Treatment of Acute Promyelocytic Leukemia With All-Trans Retinoic Acid (ATRA) and Idarubicin (AIDA)

Status:
Completed
Trial end date:
2007-11-01
Target enrollment:
0
Participant gender:
All
Summary
The purpose of this study is to evaluate the efficacy of all-trans retinoic acid (ATRA) and idarubicin (AIDA) with a dose reduction in patients older than 70 years of age in the remission induction of acute promyelocytic leukemia (APL). With regard to the induction, the excellent results obtained by the combination of ATRA and idarubicin (AIDA), especially in terms of antileukemic efficacy (1% of resistance), do not support the introduction of substantial changes in this combination. However, given that most of the induction failures were caused by complications, especially of a hemorrhagic nature, and that these had a major impact in the hyperleukocytic forms and in patients older than 70 years of age, the induction was modified as follows: 1. Reduction of idarubicin dose in patients older than 70 years of age (three days instead of four); 2. Early administration of corticosteroid therapy in all patients as ATRA syndrome prophylaxis. A preliminary analysis of the Italian Group for Adult Hematologic Diseases (Gruppo Italiano Malattie Ematologiche dell'Adulto, GIMEMA) has shown that low dose prednisone use in a prophylactic manner appears to reduce the incidence and severity of the ATRA syndrome, which could also have a favorable impact on the hemorrhagic mortality (non-published data); and 3. Treatment of the hyperfibrinolysis with an antifibrinolytic agent (tranexamic acid). It has been recently reported that APL cells present abnormally high levels of annexins (especially annexin II), and that these levels may provide the fundamental mechanism for the hemorrhagic complications in APL by increasing the production of t-PA dependent plasmin. These findings provide new reasons for the introduction of tranexamic acid in the hemorrhagic prophylaxis of APL.
Phase:
Phase 4
Accepts Healthy Volunteers?
No
Details
Lead Sponsor:
PETHEMA Foundation
Treatments:
Idarubicin
Criteria
Inclusion Criteria:

- Age <= 75 years

- ECOG = 3.

- Morphological diagnosis of M3 or M3v. Those cases without typical morphology but with
PML-RARa rearrangement may also be included.
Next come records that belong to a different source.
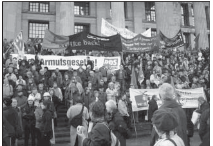
Trotz Boykott der Medien und Gewerkschaftsspitzen: 100.000 protestierten in Berlin gegen Sozialabbau
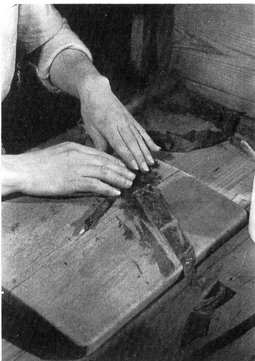
Abb. 7. Beim Einrollen des Wickels in das Umblatt dürfen keinerlei Risse oder Löcher entstehen.

Am Arbeitsplatz einer sigaraia (Abb. 2). Die Brissago besteht aus einer Einlage (interno) aus Virginia- und Kentucky-Tabak, die in ein Umblatt (sottofascia) aus Kentucky eingewickelt ist, und dem Virginia-Deckblatt (coperta), das der Zigarre das Qualitätsprädikat «Virginia» verleiht. Vor dem Einrollen wird das Deckblatt mit der «concia», einem mit spanischem Valencia-Weisswein und mit geheimgehaltenen Ingredienzien zubereiteten Weizenstärke-Leim, bestrichen. Beim Einwickeln der Einlage versieht
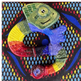
QUADRETTO Nome: Camaleonte Colore: diversi colori Stoffa pannello: variopinta

Prezzo: 6.00 Euro Codice riferimento: Q01
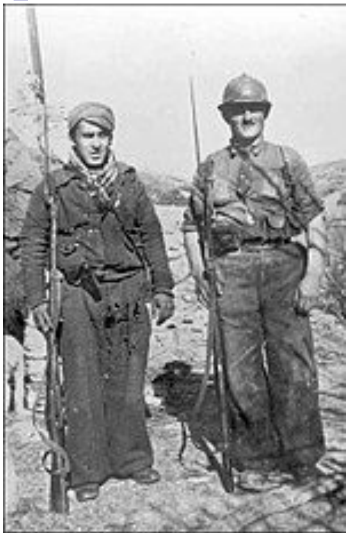
Бойцы республиканской армии. 1937
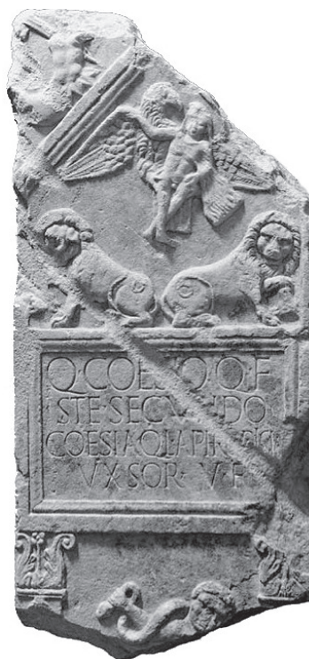
Fig. 2 - Epigrafe rinvenuta nel 2011 durante uno scavo archeologico d'emergenza in corso Palermo, quasi all'angolo con via Ancona.

omogenee. Passando da una stanza all'altra, con qualche "salto", si può realizzare un cammino che conduce dalla preistoria ai secoli del tardo Rinascimento, passando per l'epoca romana, la prime fasi della cristianizzazione, le invasioni barbariche, l'alto medioevo, il medioevo pieno; comunque, come si è detto, le varie stanze contengono materiale omogeneo e sono "autoconclusive", dunque si può tranquillamente passare da una all'altra senza preoccuparsi di seguire necessariamente una linea temporale.
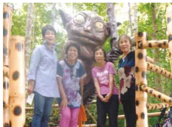
6年ぶり4度目のセブは心身共にいやされました! 初めてのボホール島では食事しながらロボク川下り、日本の歌を歌ってくれて楽しかったです

待ちに待ったセブ島へ30分遅れて成田を出発。足のケガで行きそびれて、6年ぶり4度目のセブは道路が整備され、大きな建物が多くなった感じ。4人のメンバーでパラセーリングとJWBホテルのエステ、海岸でのバーベキュー。今回はバディアンゴルリゾートで1泊し、カワサン滝ではいっぱいの滝に打たれ修行? パニック状態でした。でもマイナスイオンがいっぱいです。道中青く澄んだ川の流れの両岸に大きなヤシの木といろいろな花とのコラボは心をいやされました。パラセーリングは是非やりたいと思いチャレンジしてみました。「恐いなあ〜」と思ったけど鳥になった一瞬です。ボホール島へは初めて、田んぼがたくさんあり、かかしがあり、走る道路にはみ出してお米が干してありました。車がよけて走ります。のどかですネ! 食事しながらロボク川下り、日本の歌を歌ってくれて楽しかったです。子供たちのイベント踊り可愛かったです。いっぱい走ってくれてガイドさん7日間ありがとうございました。セブの海は何回行っても青くきれいな、大事にしたいです。
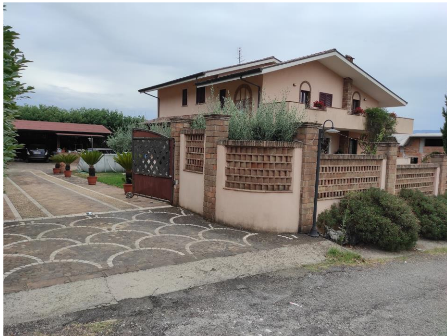
Vista generale del fabbricato da via Grotta Scacciamosca in cui sono ubicati i beni oggetto della presente Esecuzione Immobiliare. (lato nord-ovest)
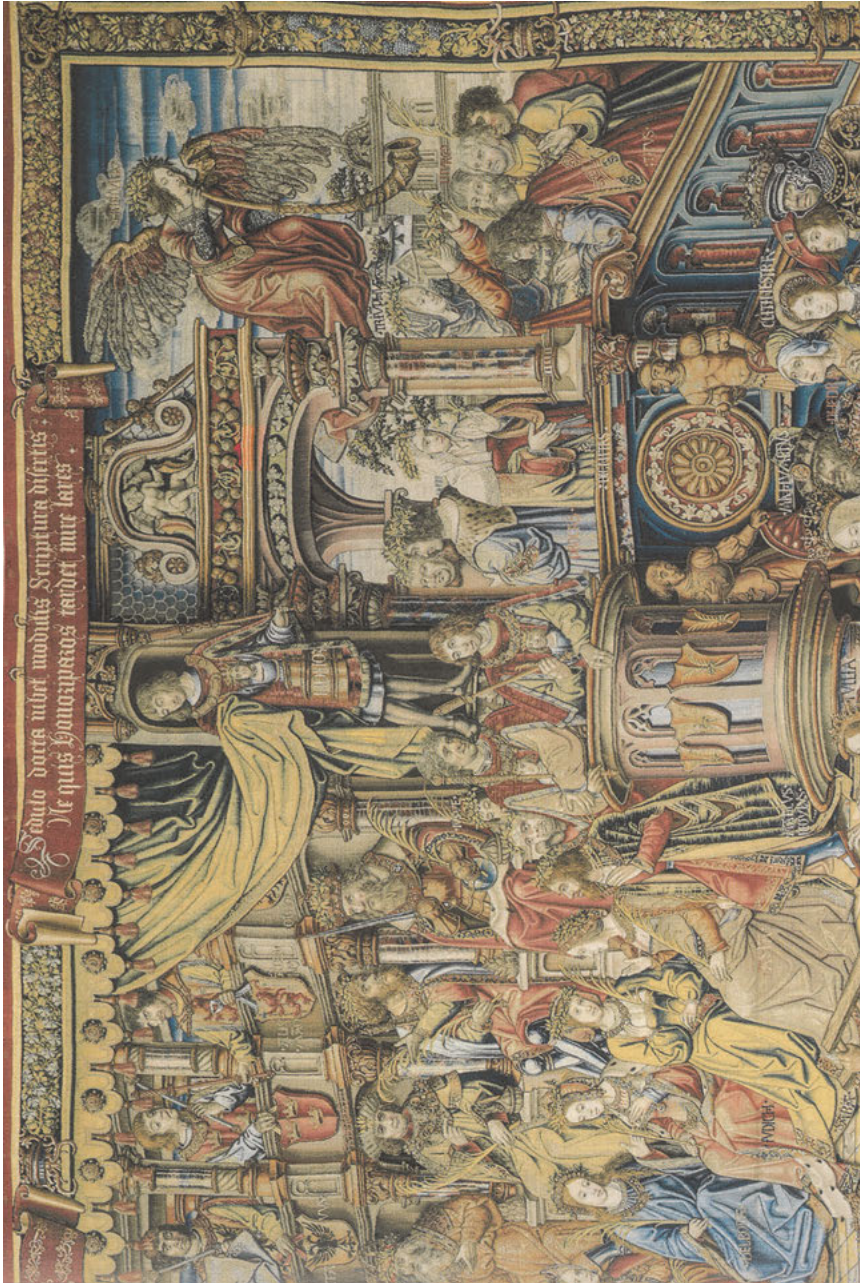
Abb. 34: Alexander im Tribunal der Ehre, Honor (Ausschnitt), Tapisserte, um 1520, Museo de Tapices, Palacio Real de la Granja de San Ildefonso, Segovia, Inv. Nr. 10026277.
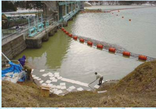
重油流出事故発生時の回収作業 (平成17年4月重油8,000ℓが流出したため、上水道と工業用水道の供給が停止しました)
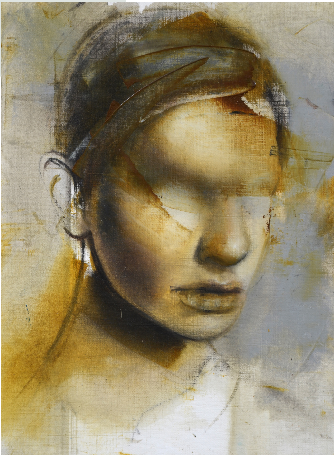
Umbra, 2022 r. olej, papier 32 x 24 cm
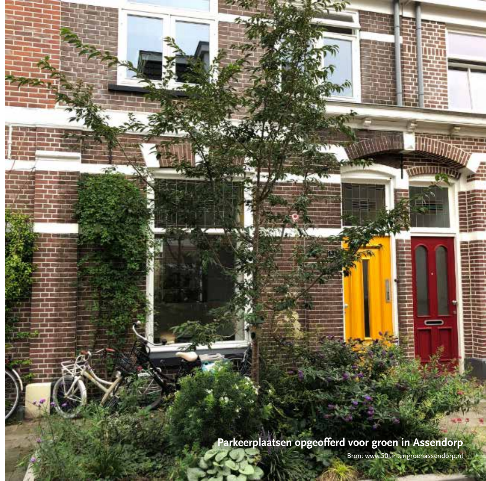
Parkeerplaatsen opgeofferd voor groen in Assendorp

De veerkracht in dit voorbeeld groeit bij elke nieuwe ontwikkeling. Men leert en raakt steeds meer betrokken. Eind 2020 waren er bijvoorbeeld 25 huizen beter geïsoleerd, 20 daken voorzien van zonnepanelen en was er 2 hectare groen dak aangelegd voor 877 huishoudens. Daar is behalve veel tijd ook veel geld geïnvesteerd. Het uitwisselen van informatie over energiebesparing en duurzaamheid is onderdeel geworden van het dagelijks leven in de wijk. Het aanpakken van veel verschillende projecten en onderwerpen lijkt in Assendorp goed te werken. De projecten voor groen, klimaatadaptatie en gezondheid versterken elkaar. Er is een duidelijke samenhang tussen de groenere straten en daken en de projecten die om waterberging draaien. De communicatie wordt creatief aangepakt. Niet alleen middels infoavonden en een buurtkrant, maar ook met een housewarmingspel (huiskamergesprek). Creatief is ook het genoemde experiment met de tijdelijke leefstraat.

- Genetic diagnosis: t(15;17), PML-RARa rearrangement, monoclonal anti-PML positive.
Obviously, the result of these tests may become available after having initiated the
treatment based on a tentative morphological diagnosis. The presence of secondary
cytogenetic changes associated with t(15;17) is not a reason for exclusion nor do they
require a different therapeutic approach.

Exclusion Criteria:

- Age > 75 years (the treatment with this protocol can be considered on an individual
basis but these patients will be analysed separately)

- Absence of PML-RARa rearrangement.

- Prior antileukemic chemotherapy.

- Presence of an associated neoplasm.

- Presence of a severe psychiatric disease.

- HIV seropositivity.

- Contraindication for intensive chemotherapy, especially to anthracyclines.

- Serum creatinine = 2.5 mg/dL.

- Bilirubin, alkaline phosphatase, or SGOT > 3 times the upper normal limit

- Positive pregnancy test.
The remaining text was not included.